CLINICAL RESEARCH: CLINICAL TRIAL
Evaluation of the effect of oral verapamil on clinical outcome and angiographic restenosis after percutaneous coronary intervention
The randomized, double-blind, placebo-controlled, multicenter verapamil slow-release for prevention of cardiovascular events after angioplasty (VESPA) trial
Hans-Peter Bestehorn, MD*,*,
Franz-Josef Neumann, MD*,
Heinz Joachim Büttner, MD*,
Peter Betz, MD, PhD*,
Peter Stürzenhofecker, MD ,
Eberhard von Hodenberg, MD ,
Antoine Verdun, MD ,
Laszlo Levai, MD ,
Jean Pierre Monassier, MD|| and
Helmut Roskamm, MD*
* Herz-Zentrum Bad Krozingen, Bad Krozingen, Germany
Herz-und Gefäßklinik Bad Neustadt, Bad Neustadt, Germany
Herz-Zentrum Lahr, Lahr, Germany
Clinic St. Joseph Colmar, Colmar, France
|| Hospital Emil Müller, Mulhouse, France
Manuscript received May 7, 2003;
revised manuscript received January 2, 2004,
accepted February 10, 2004.
* Reprint requests and correspondence: Dr. Hans-Peter Bestehorn, Herz-Zentrum Bad Krozingen, Südring 15, 79189 Bad Krozingen, Germany. hans-peter.bestehorn{at}herzzentrum.de
OBJECTIVES: We investigated the effect of oral verapamil on clinical outcome and angiographic restenosis after percutaneous coronary intervention (PCI).
BACKGROUND: Thus far, there is no established systemic pharmacologic approach for the prevention of restenosis after PCIs. Five small studies reported encouraging results for calcium channel blockers.
METHODS: Our randomized double-blind trial included 700 consecutive patients with successful PCI of a native coronary artery.

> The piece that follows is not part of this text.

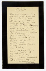 CHÉRET Jules (1836-1932). L.A.S. «Jules Chéret», 12 avril 1890, à Claude MONET ; 1 page in8 (deuil). Lettre à Claude Monet. «Vous avez raison mon cher ami pour ce que vous dites de la croix, vous êtes un de ces rares forts et...
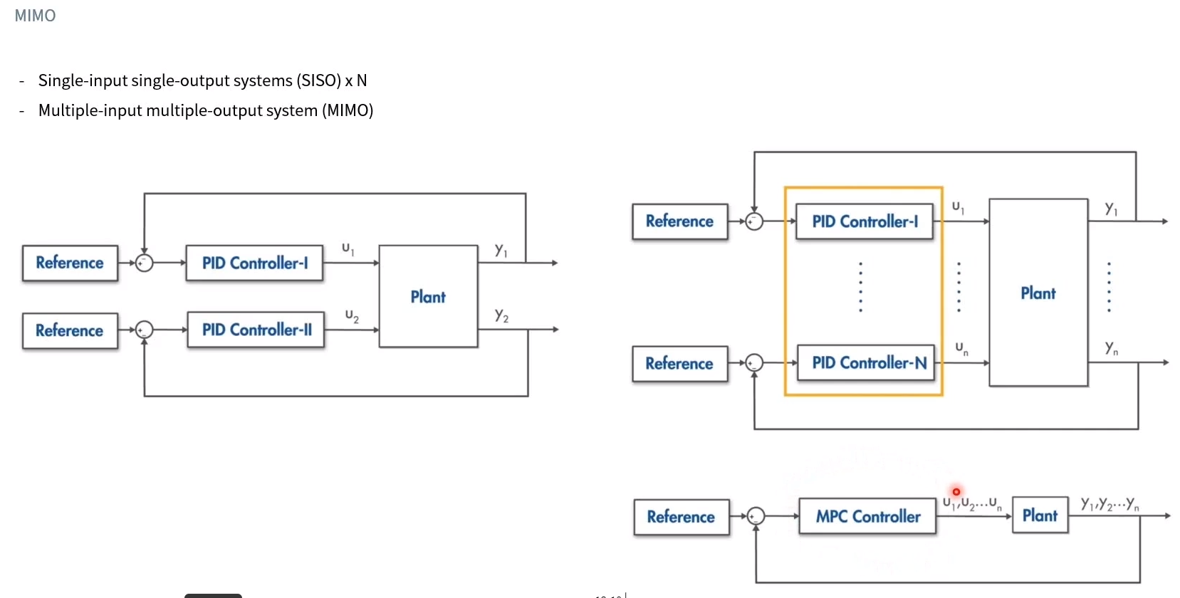 기존의 PID Controller로 multiple input output system을 구축 하려면 서로의 input 과 output이 영향을 받는 경우가 있기때문에 구현 하기 힘들다. MPC controller는 그것들을 간소화 시켜서 해결해준다.

Patients received the calcium channel blocker verapamil, 240 mg twice daily for six months, or placebo. Primary clinical end point was the composite rate of death, myocardial infarction, and target vessel revascularization (TVR) during one-year follow-up; the angiographic end point was late lumen loss at the six-month follow-up angiography.
RESULTS: We obtained complete clinical follow-up in 95% of the patients, and scheduled angiography was performed in 94%. The proportion of patients treated with stents was 83%. The primary clinical end point was reached in 67 (19.3%) patients on verapamil and in 103 (29.3%) patients on placebo (relative risk [RR] 0.66 [95% confidence interval (CI) 0.48 to 0.89]; p = 0.002). This difference between the groups was driven by TVR (17.5% with verapamil vs. 26.2% with placebo; RR 0.67 [95% CI 0.49 to 0.93]; p = 0.006). Late lumen loss was 0.74 ± 0.70 mm with verapamil and 0.81 ± 0.75 mm with placebo (p = 0.11). Compared with placebo, verapamil reduced the rate of restenosis 75% (7.8% vs. 13.7%; RR 0.57 [95% CI 0.35 to 0.92]; p = 0.014).
CONCLUSIONS: Verapamil compared with placebo improves long-term clinical outcome after PCI of native coronary arteries by reducing the need for TVR. This was caused by a reduction in the rate of high-grade restenosis.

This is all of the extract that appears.